Drivers who wheel and deal on their car phones are more likely to reach out and bash someone than those who just chitchat, a study has found.

The study, for the American Automobile Association Foundation for Traffic Safety, found that dialing a car phone or holding a simple conversation on one was no more distracting for a driver than tuning a car radio. Drivers doing either are 20 percent more likely not to notice a potential traffic hazard than motorists concentrating only on their driving, the study found.But drivers holding a complex conversation run a 30 percent greater risk of not noticing that a tree has stepped into their path. "Intense business conversation could well divert a driver's attention to the point that cues of potential danger may be overlooked," said a summary of the study by the National Public Services Research Institute of Landover, Md.

The study also found that drivers over age 50 are twice as likely as younger motorists to be less attentive to traffic when talking on the phone.

Car phones have grown rapidly in popularity since the early 1980s, and the Cellular Communications Industry Association, a trade group, says that about 5 million are in use now.

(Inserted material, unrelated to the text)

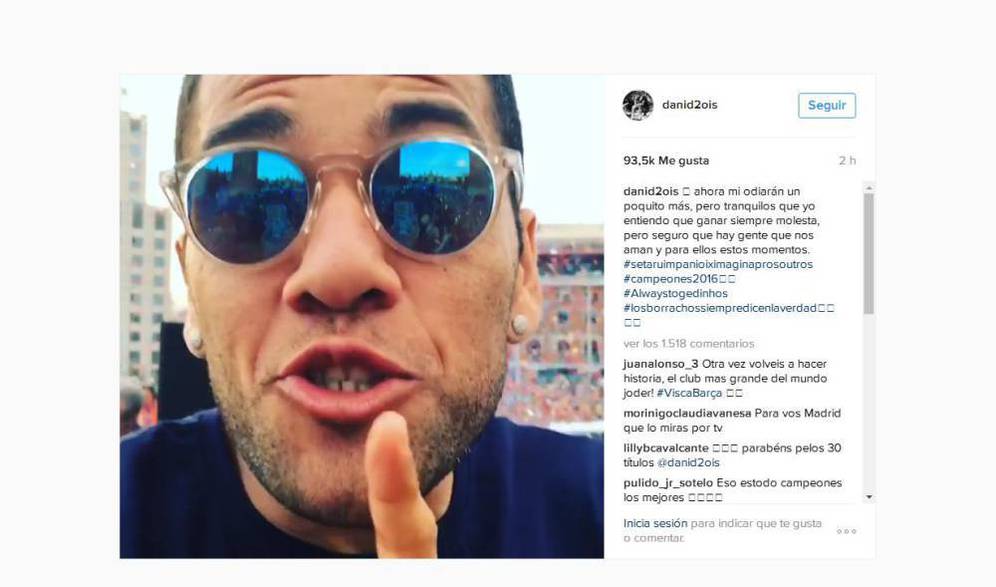 Lewat Instagram, Alves menuliskan pesan: "Sekarang, ada orang yang lebih membenci saya lebih dari sebelumnya. Namun jangan khawatir, saya tahu bahwa menang memang rasanya menyebalkan bagi orang lain. Tapi jelas ada orang yang mencintai kami saat ini."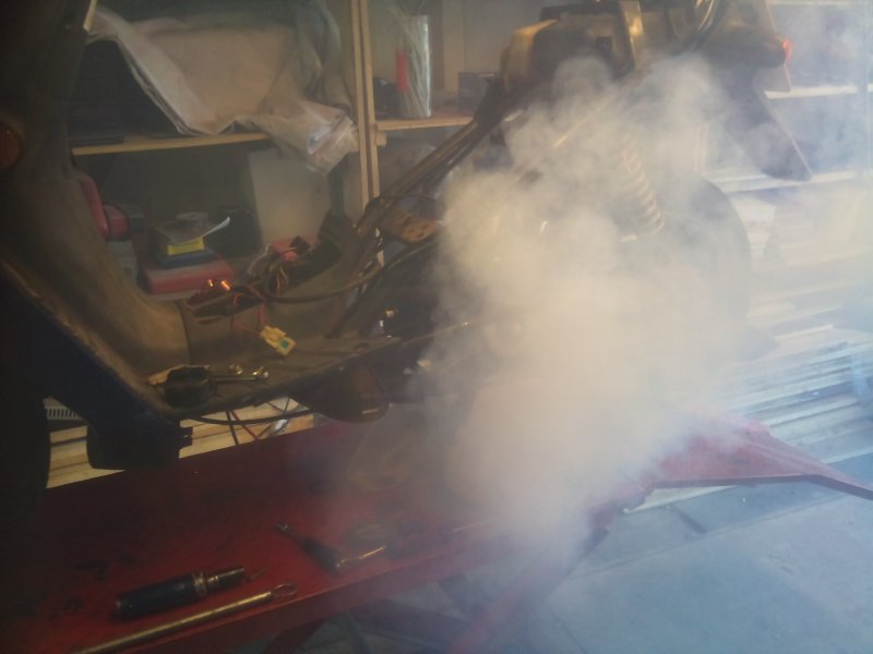 Ok, so the kids got no money for a new panel for his gilera evo. So i gave John Wayne a call and said I'll give him a trial run at being a scooter mechanic. Reckon he must have been looking at this post and listening to Scubabiker cos look what he did!!! I had to let him go of course So thats another one gone out the workshop today. Started on that 54 plate Katana this afternoon, just to see if it would run at all. Thank god i didn't put the exhaust on straight away. There was loads of oil in the cylinder that dumped itself onto the ramp. The starter sounds like it has had better days, but on the plus side it now runs quite smoothly after a bit of tinkering with not much smoke.

The study's conclusions are based on tests in which 151 drivers, about half of them regular users of car phones, operated driving simulators while talking on cellular phones. Like most units now sold, the phones were the "hands-free" type, which need not be removed from their cradles to be used. But they lacked the capability to dial preprogramed numbers with the touch of one button.

A spokesman for the cellular-phone association, Norman Black, did not dispute the findings and said that the industry is trying to educate consumers to be judicious in their use of car phones.

"You've got to use common sense," he said. "You do not try to punch in numbers when you're in a driving rainstorm. You do not try to close the most important deal of your life when you're trying to drive quickly home or to pick up your child from the day-care center."